Hello!
My goal is to host a version of stable diffusion on Compute engine that I can use as a microservice to try to build apps with. Since I am a hobbyist, my plan was to power it up and down when I was actually using it to save a bit of money. I created this write up which describes my steps.
The first time I spin up the instance everything works as expected. I have to opt into installing the GPU, I follow the steps I outlined in the post and I can make requests to the compute instance.
However, when I restart the instance after shutting it down the docker image is unable to run because it doesn't have a driver for the GPU. I tried following the instructions from google for installing GPU drivers and sure enough `nvidia-smi` isn't installed.

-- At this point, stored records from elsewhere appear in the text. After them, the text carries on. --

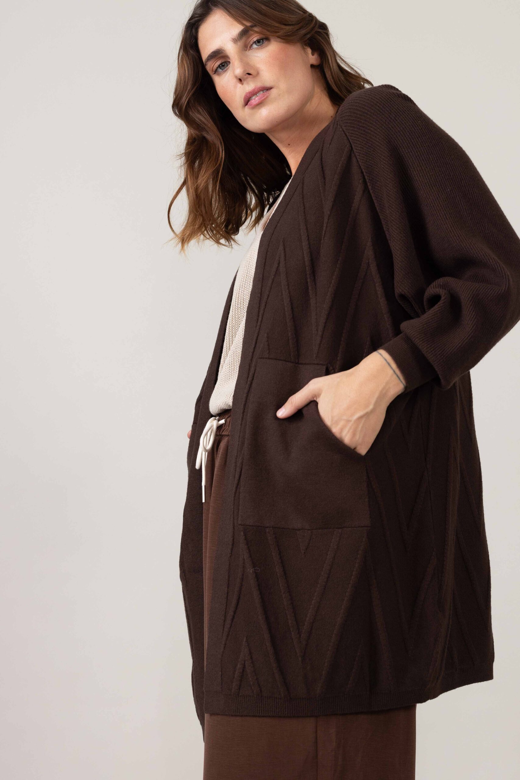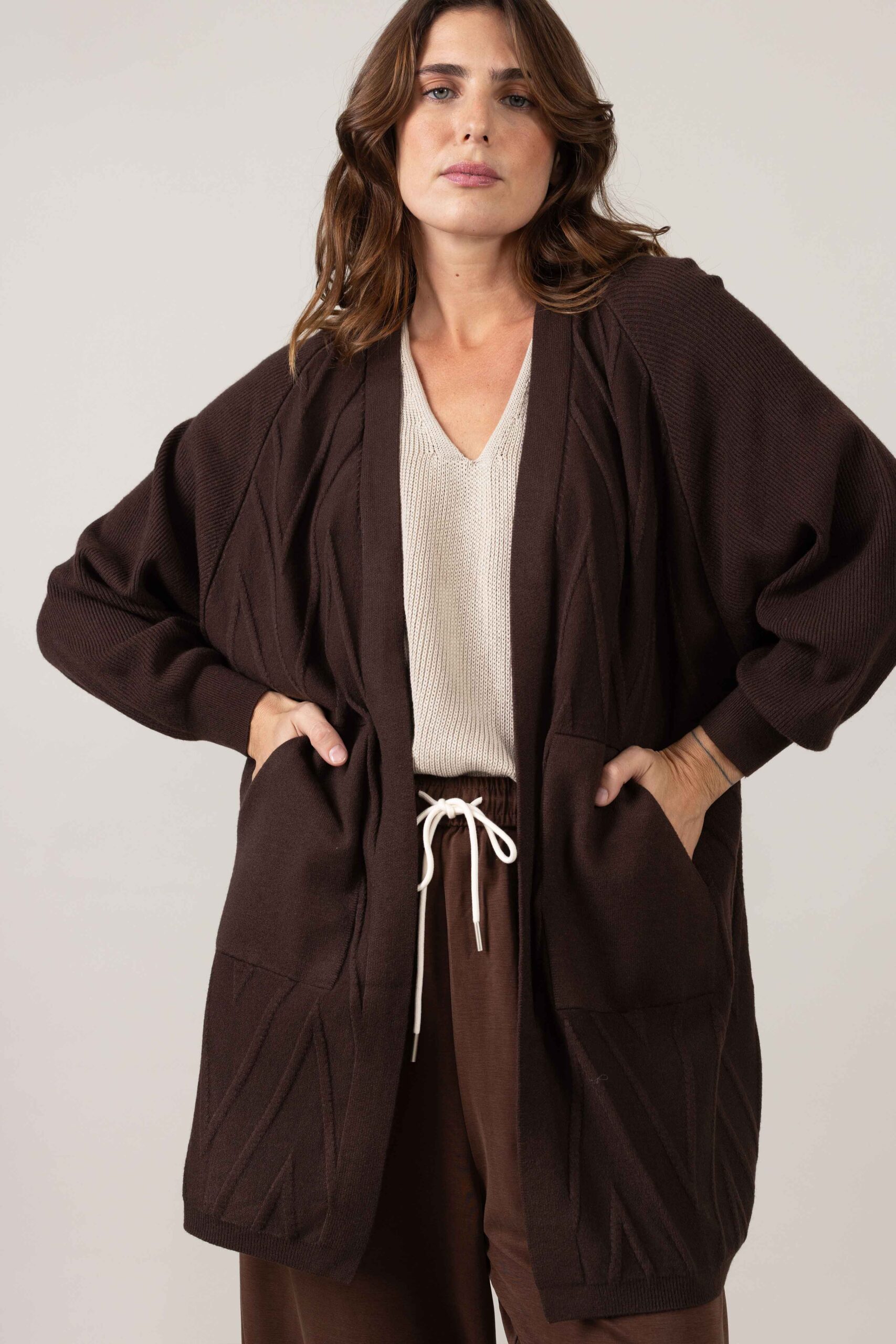 קרדיגן פתוח בגזרה משוחררת וכיסים
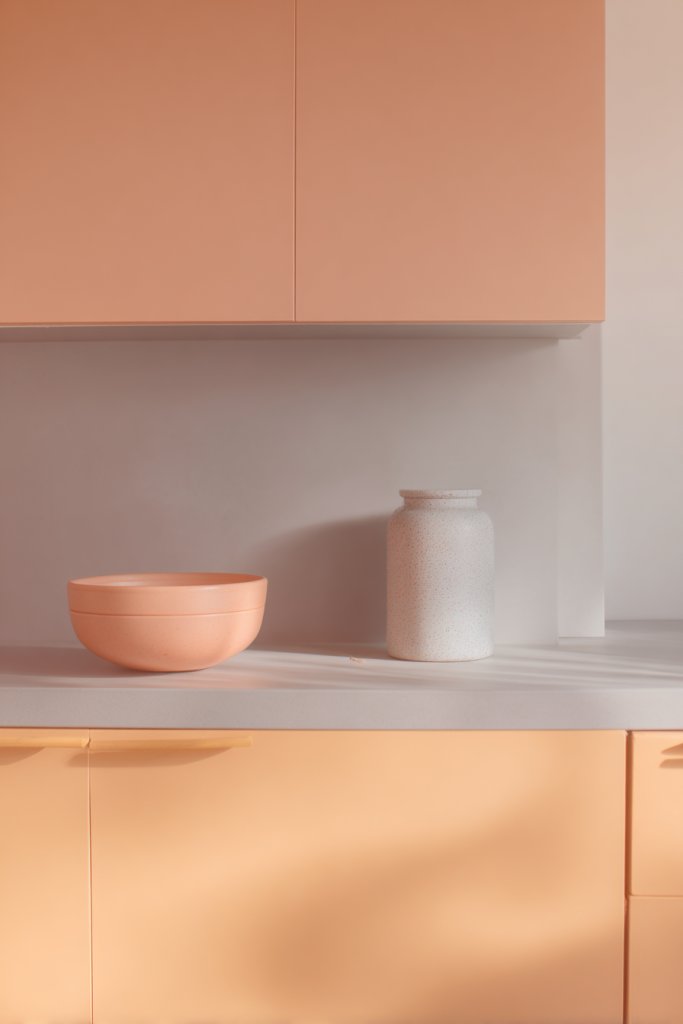 Picture peach-colored cabinets with a matte finish paired with light gray countertops and walls. The soft peach adds a subtle warmth and sweetness, while gray tones keep the look balanced and modern. Incorporate textured textiles like linen or cotton for curtains or cushions. Metallic fixtures in brushed nickel or gold add a touch of elegance. The overall ambiance is cheerful, soft, and inviting—a perfect family space.
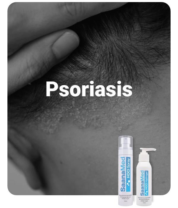 SaanaMed HOCl’s antimicrobial properties reduce bacteria and pathogens that can exacerbate psoriasis plaques, while its anti-inflammatory effects alleviate redness, itching, and scaling.
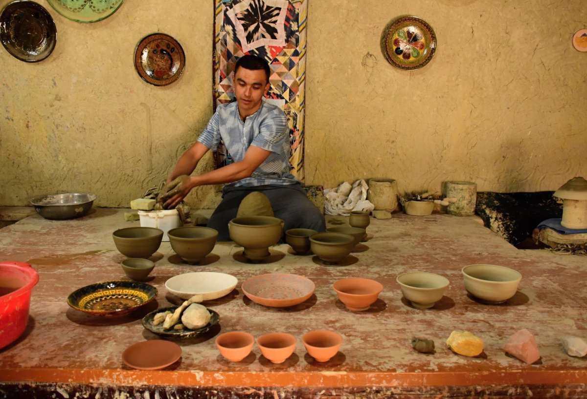 Po třech dnech opouštíme Samarkand a jedeme po tankodromu do Buchary. Cestou děláme krátkou zastávku u karavansaraje Malik, ze kterého zbyla prakticky jen vstupní brána. Další zastávka je v městečku Gižduvan, které je proslulé výrobou keramiky. Máme vytipovanou dílnu Ališera Narzullaeva. Skutečně ji na náměstí nacházíme, hned nás vítá nějaký maník a že nás provede po dílně. Exkurze je bezplatná, ale očekává se, že si nakonec koupíme nějakou keramiku. Ukazují nám jak se vytočí miska na hrnčířském kruhu, jak se maluje, jak se dělá glazura - ingredience na ní se melou na mlýnku, který pohání oslík, ale ten prý pracuje jen jednou za 14 dnů a pak má volno. Teď měl zrovna volno. Exkurze byla zajímavá a tak si kupujeme malou misku za 5 USD (větší by se nám nevešla do malých batohů). Hned vedle dílny je šašlikárna, kde se nacpeme dobrými šašliky a zapijeme to zeleným čajem. Na zpáteční cestě k autu si ještě prohlížíme místní mešitu.
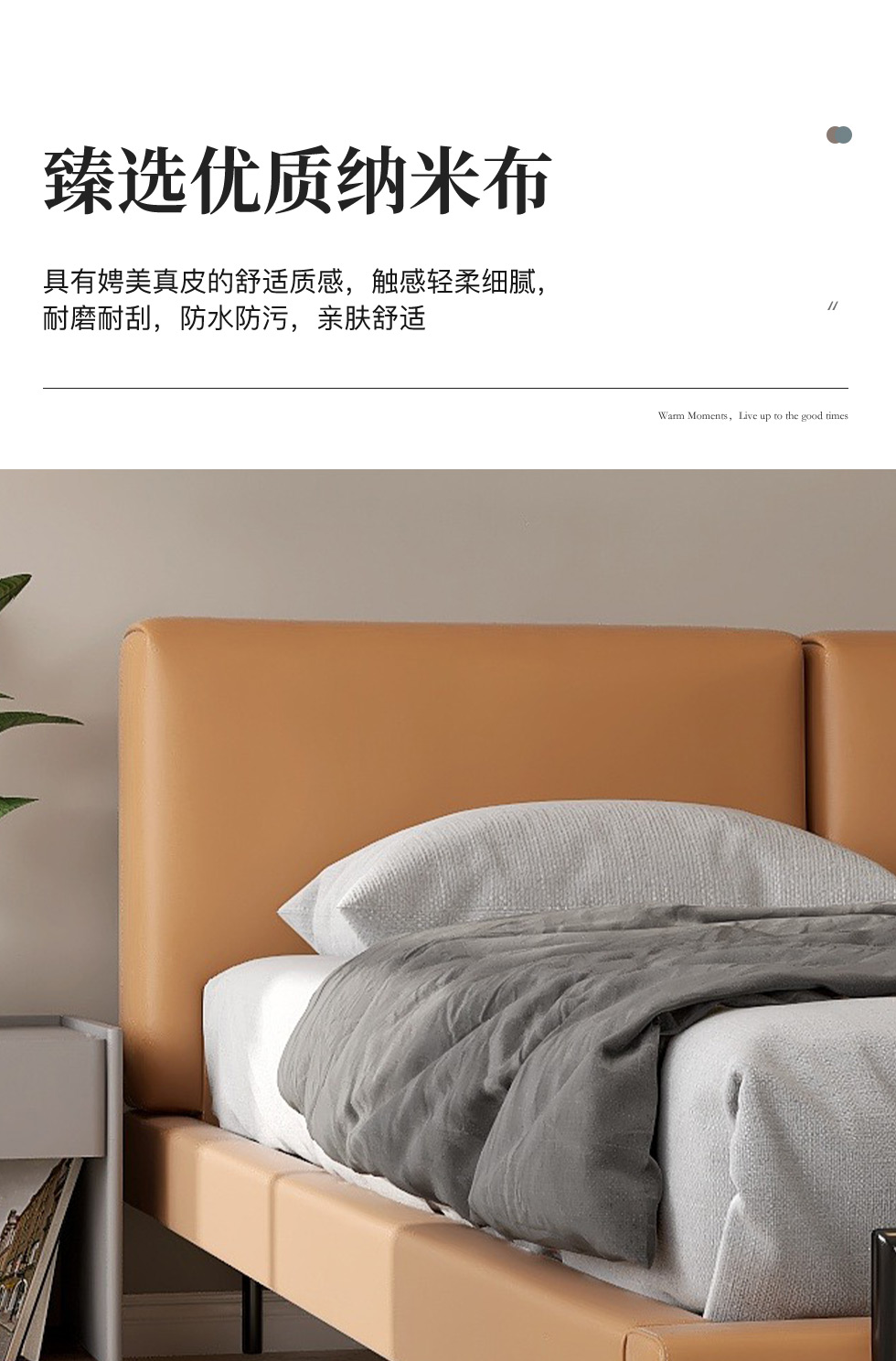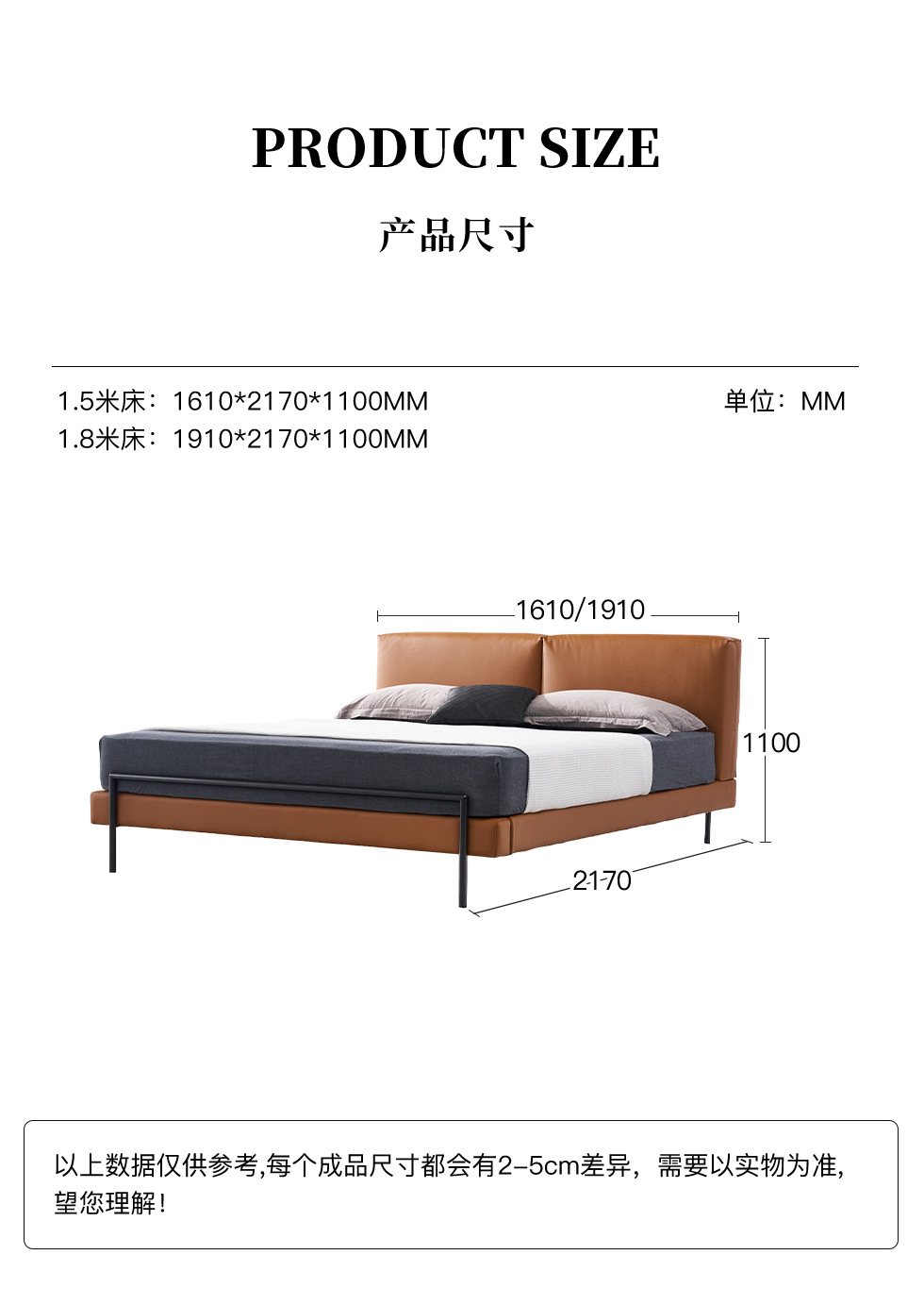 缔造 极简 接触面头层纳帕真皮+实木排骨架+羽丝棉+高密度海棉+碳素钢脚 1.5米皮床
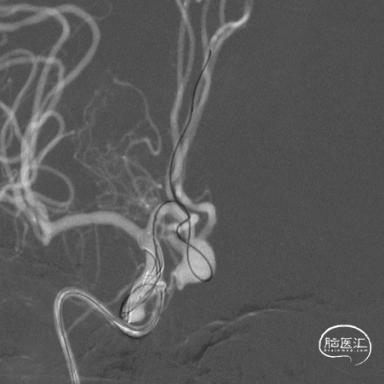 在做“T”型支架时,两条支架释放的先后顺序各有千秋。本病例是先释放“竖”后“横”,这样可以是使“竖”支架尾端不受干扰地充分张开,“横”支架和前者充分贴合。
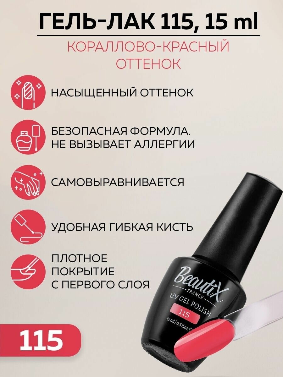 Beautix Гель-лак UV Gel Polish, 15 мл, 115
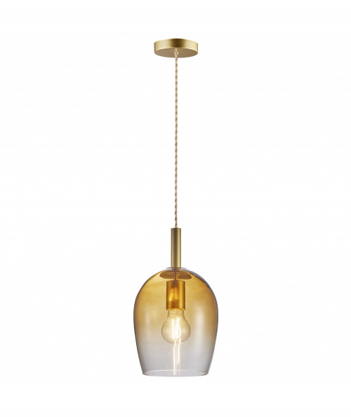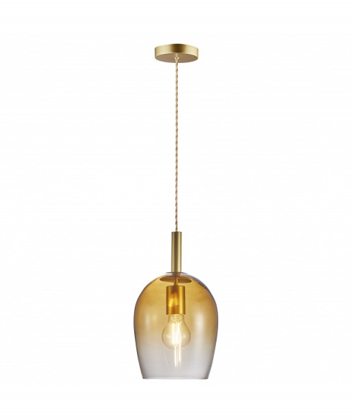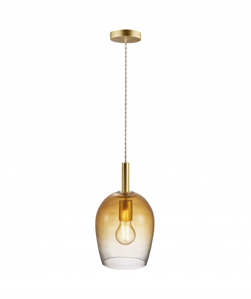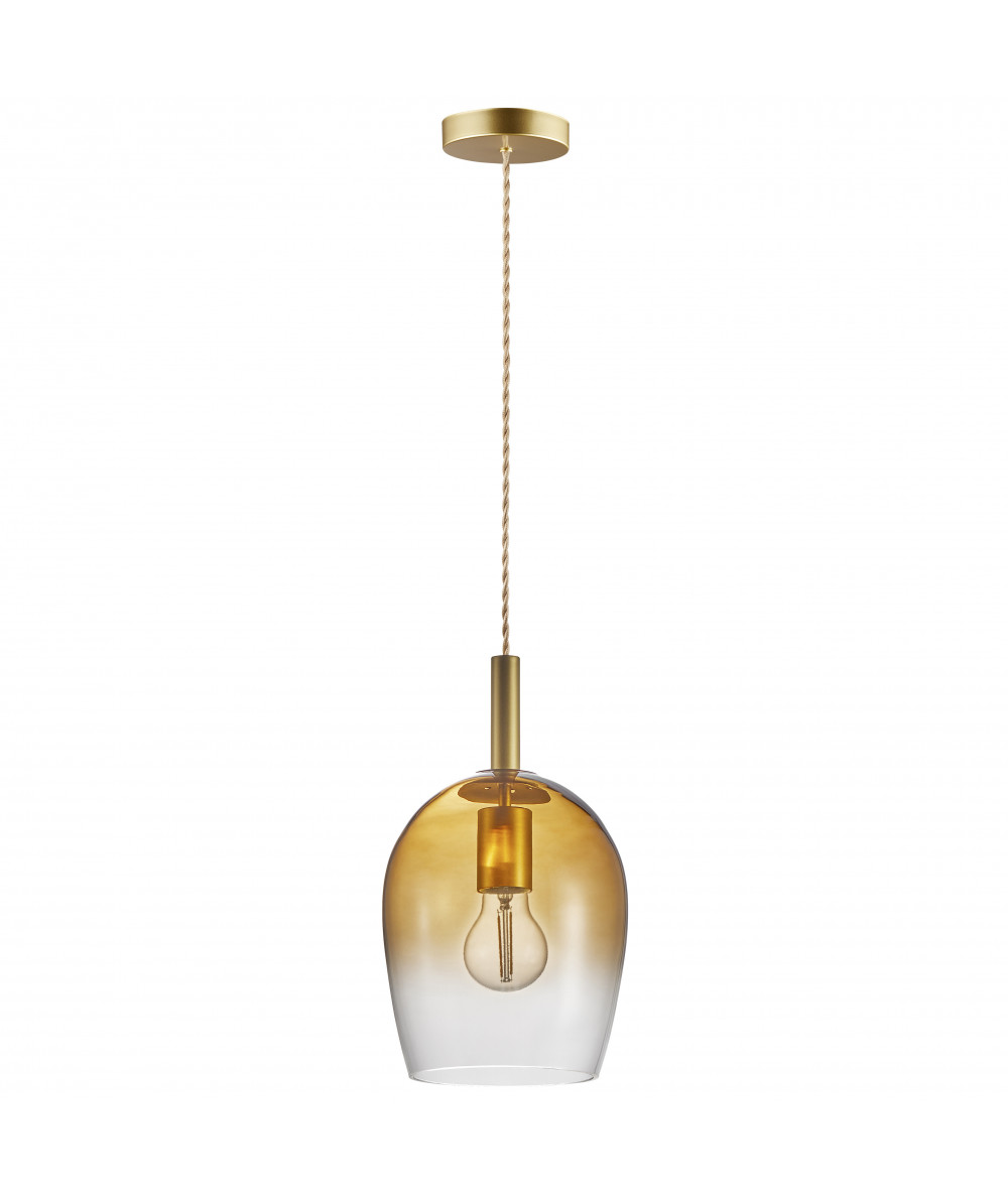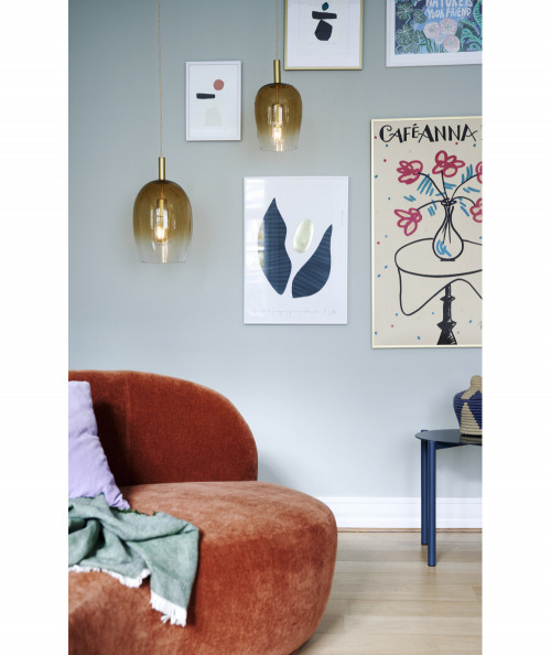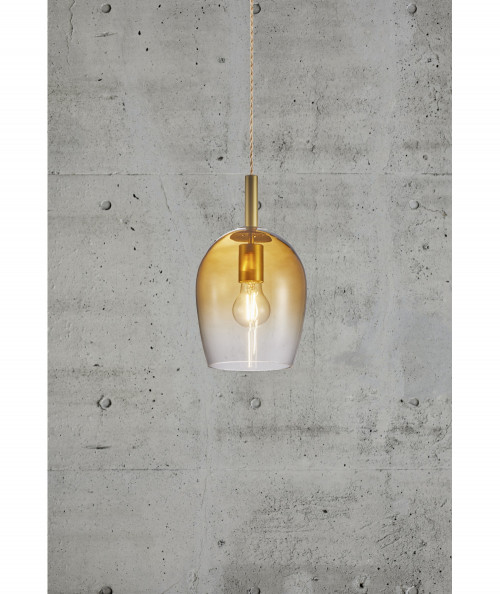 Den flotte Uma pendel har et flot design. Pendlen har gennemsigtigt glas med en smuk rav detalje. Det er en pendel, der giver varme til indretningen og hygger op grundet den flotte rav farve. Hæng evt den smukke lampe i klynger af 3 stk i hjørnet i stuen eller over bardisken eller køkkenøen, hvor den kan sprede hyggelig stemning.
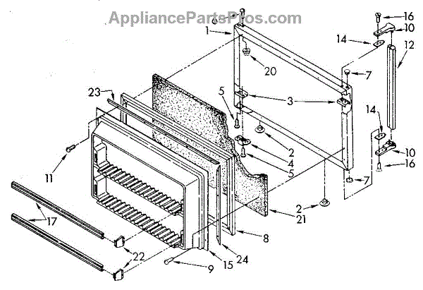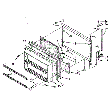 This freezer door gasket seals the door to the cabinet to keep cold air in and humid air out. Replacing a worn gasket restores a proper seal, helping maintain temperature and reducing frost and condensation around the door.

bryantwolf@stable-diffusion-api:~$ sudo nvidia-smi
sudo: nvidia-smi: command not found
So I follow those instructions and end up with:
bryantwolf@stable-diffusion-api:~$ sudo nvidia-smi
Tue Oct 11 17:59:54 2022
+-----------------------------------------------------------------------------+
| NVIDIA-SMI 495.46 Driver Version: 495.46 CUDA Version: 11.5 |
|-------------------------------+----------------------+----------------------+
| GPU Name Persistence-M| Bus-Id Disp.A | Volatile Uncorr. ECC |
| Fan Temp Perf Pwr:Usage/Cap| Memory-Usage | GPU-Util Compute M. |
| | | MIG M. |
|===============================+======================+======================|
| 0 Tesla T4 Off | 00000000:00:04.0 Off | 0 |
| N/A 56C P0 29W / 70W | 0MiB / 15109MiB | 0% Default |
| | | N/A |
+-------------------------------+----------------------+----------------------+
+-----------------------------------------------------------------------------+
| Processes: |
| GPU GI CI PID Type Process name GPU Memory |
| ID ID Usage |
|=============================================================================|
| No running processes found |
+-----------------------------------------------------------------------------+
but when I try to run a docker image that requires GPU I end up with this error message
Running 'script/download-weights <my huggingface api key>' in Docker with the current directory mounted as a volume...
docker: Error response from daemon: could not select device driver "" with capabilities: [[gpu]].
ⅹ Docker is missing required device driver
Is there something about the restart process I don't understand that might help me mitigate this problem?